Assignment:
All pictures must be left out as you transcribe the lines from the first line of the data to the line containing "2024年PFL女子フライ級", both included.

Dataset excerpts:
++++++++++

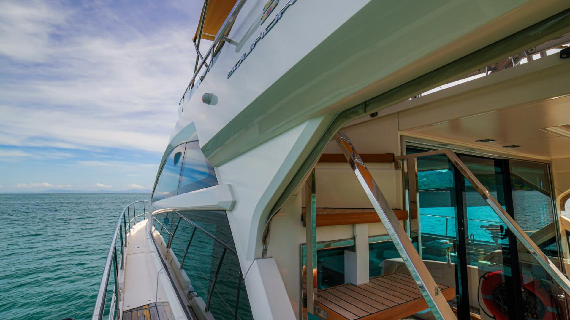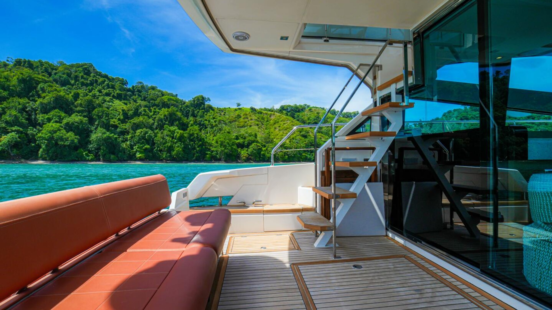 - Teak laid flybridge steps
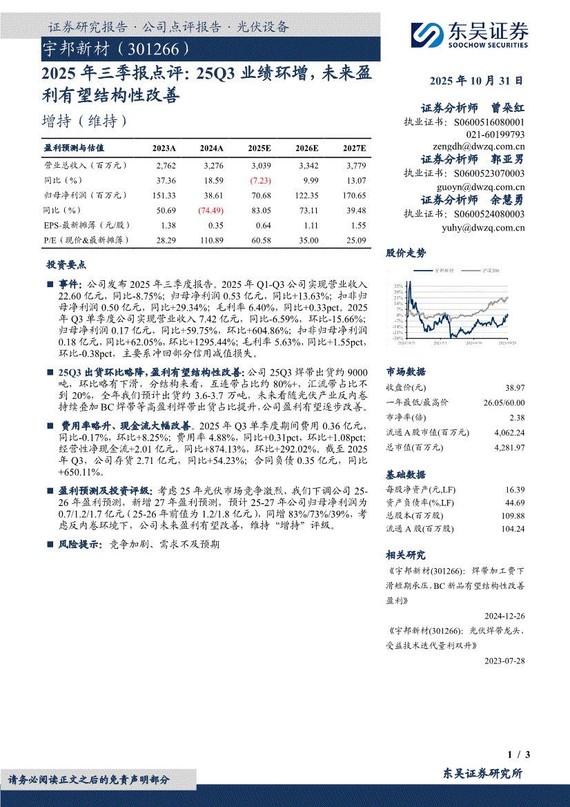 宇邦新材:东吴证券-宇邦新材-301266-2025年三季报点评:25Q3业绩环增,未来盈利有望结构性改善-251031
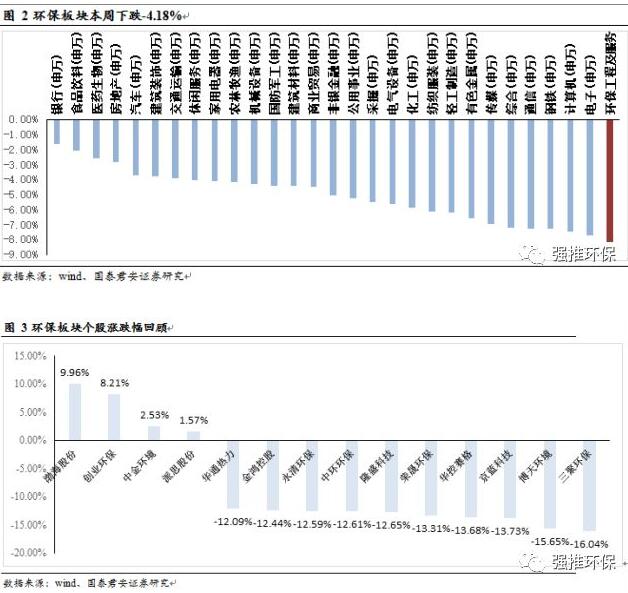 本周市場行情概覽:市場行情概覽:電力、水務(wù)、燃氣和環(huán)保板塊分別下跌4.40%、4.59%、2.87%、8.16%;上證綜指、深證成指和創(chuàng)業(yè)板指分別下跌3.72%、5.28%、6.74%。漲幅前四名:渤海股份(9.96%)、創(chuàng)業(yè)環(huán)保(8.21%)、中金環(huán)境(2.53%)、派思股份(1.57%)。跌幅后五名:三聚環(huán)保(-16.04%)、博天環(huán)境(-15.65%)、京藍科技(-13.73%)、華控賽格(-13.68%)、榮晟環(huán)保(-13.31%)。
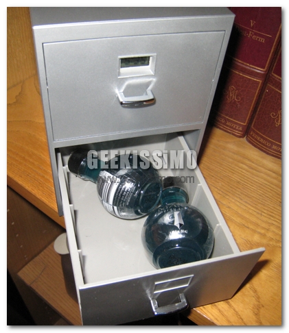Esternamente, nella parte superiore, si trova un mini orologio per poter sempre visualizzare l’ora. Aprendo il primo cassetto in alto inoltre troviamo tutte le schede, in ordine alfabetico, per catalogare i nostri biglietti da visita o dei piccoli foglietti.
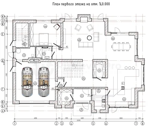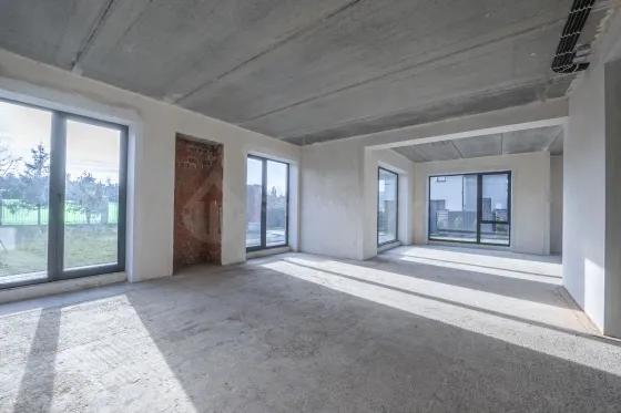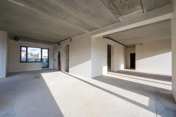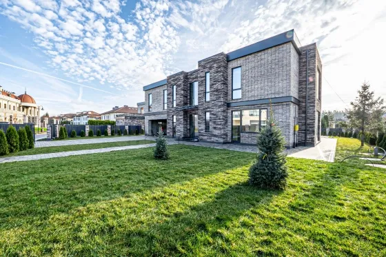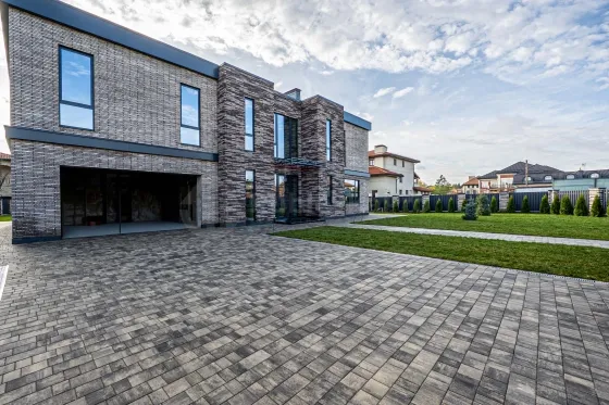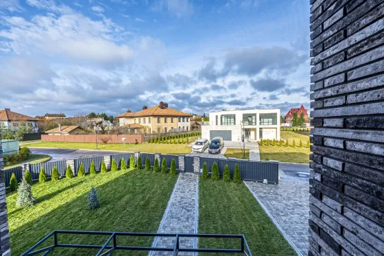 Войдите в дом и оставьте суету вместе с верхней одеждой в гардеробной. Потом Вы попадаете в просторную гостиную с камином и кухню-столовую с множеством окон в пол, ароматный званый ужин для гостей можно приготовить в закрытой технической кухне, расположенной в стороне от общей зоны. На первом этаже в спальне можно оставить гостей или родственников отдохнуть, в спальне есть свой санузел и гардероб.
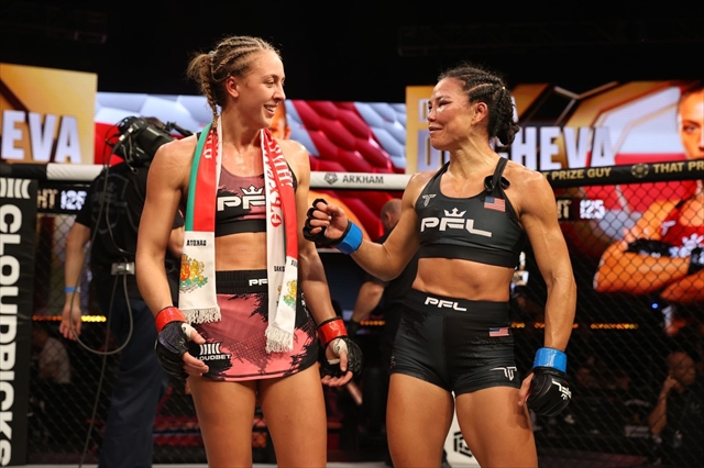 2024年PFL女子フライ級王者、“デンジャラス” ダコタ・ディチェヴァ(15勝無敗/英国)は、アメリカのスミコ・“レディ・サムライ”・イナバ(8勝2敗)を打撃で圧倒し、判定勝利を収めた。ムエタイをベースとした打撃は終始炸裂し、パンチ、キック、ヒザ、ヒジ、クリンチで優位を保った。イナバは最後まで果敢に攻めたが、ディチェヴァの強さが際立つ内容だった。
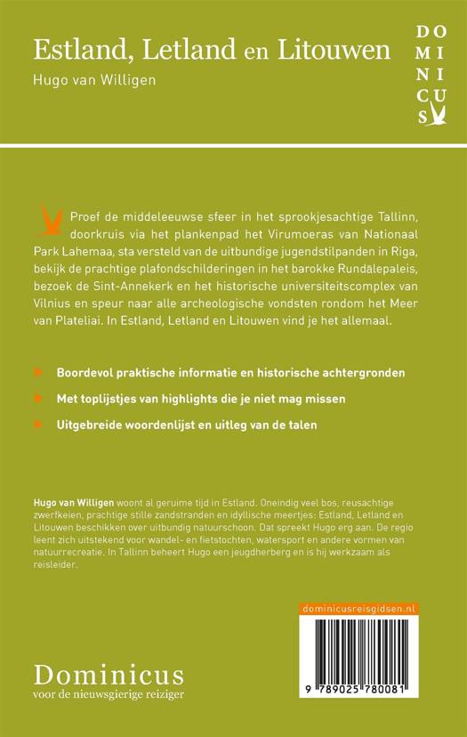 Ontdek de Baltische staten Estland, Letland en Litouwen op vakantie met deze Dominicus-reisgids en verken Tallinn, Saaremaa, Riga, Vilnius, de nationale parken en meer. Proef de middeleeuwse sfeer in het sprookjesachtige Tallinn, doorkruis via het plankenpad het Virumoeras van nationaal park Lahemaa en sta versteld van de bezienswaardigheden en uitbundige jugendstilpanden in Riga. Bekijk ook de prachtige plafondschilderingen in het barokke Rundalepaleis, bezoek de Sint-Annekerk en het historische universiteitscomplex van Vilnius en speur naar alle archeologische vondsten rondom het Meer van Plateliai. Beleef de ultieme vakantie In Estland, Letland en Litouwen. Deze reisgids zit bomvol praktische informatie, handige overzichtskaarten, sfeervolle foto's, historische achtergronden en uitgebreide culturele achtergrondinformatie. Bovendien zijn Dominicus-reisgidsen altijd up-to-date en geschreven door Nederlandstalige experts. Hugo van Willigen woont al geruime tijd in Estland. In Tallinn beheert hij een jeugdherberg en is hij werkzaam als reisleider.

++++++++++

Your response:
 - Teak laid flybridge steps
 宇邦新材:东吴证券-宇邦新材-301266-2025年三季报点评:25Q3业绩环增,未来盈利有望结构性改善-251031
 本周市場行情概覽:市場行情概覽:電力、水務(wù)、燃氣和環(huán)保板塊分別下跌4.40%、4.59%、2.87%、8.16%;上證綜指、深證成指和創(chuàng)業(yè)板指分別下跌3.72%、5.28%、6.74%。漲幅前四名:渤海股份(9.96%)、創(chuàng)業(yè)環(huán)保(8.21%)、中金環(huán)境(2.53%)、派思股份(1.57%)。跌幅后五名:三聚環(huán)保(-16.04%)、博天環(huán)境(-15.65%)、京藍科技(-13.73%)、華控賽格(-13.68%)、榮晟環(huán)保(-13.31%)。
Esternamente, nella parte superiore, si trova un mini orologio per poter sempre visualizzare l’ora. Aprendo il primo cassetto in alto inoltre troviamo tutte le schede, in ordine alfabetico, per catalogare i nostri biglietti da visita o dei piccoli foglietti.
 Войдите в дом и оставьте суету вместе с верхней одеждой в гардеробной. Потом Вы попадаете в просторную гостиную с камином и кухню-столовую с множеством окон в пол, ароматный званый ужин для гостей можно приготовить в закрытой технической кухне, расположенной в стороне от общей зоны. На первом этаже в спальне можно оставить гостей или родственников отдохнуть, в спальне есть свой санузел и гардероб.
 2024年PFL女子フライ級王者、“デンジャラス” ダコタ・ディチェヴァ(15勝無敗/英国)は、アメリカのスミコ・“レディ・サムライ”・イナバ(8勝2敗)を打撃で圧倒し、判定勝利を収めた。ムエタイをベースとした打撃は終始炸裂し、パンチ、キック、ヒザ、ヒジ、クリンチで優位を保った。イナバは最後まで果敢に攻めたが、ディチェヴァの強さが際立つ内容だった。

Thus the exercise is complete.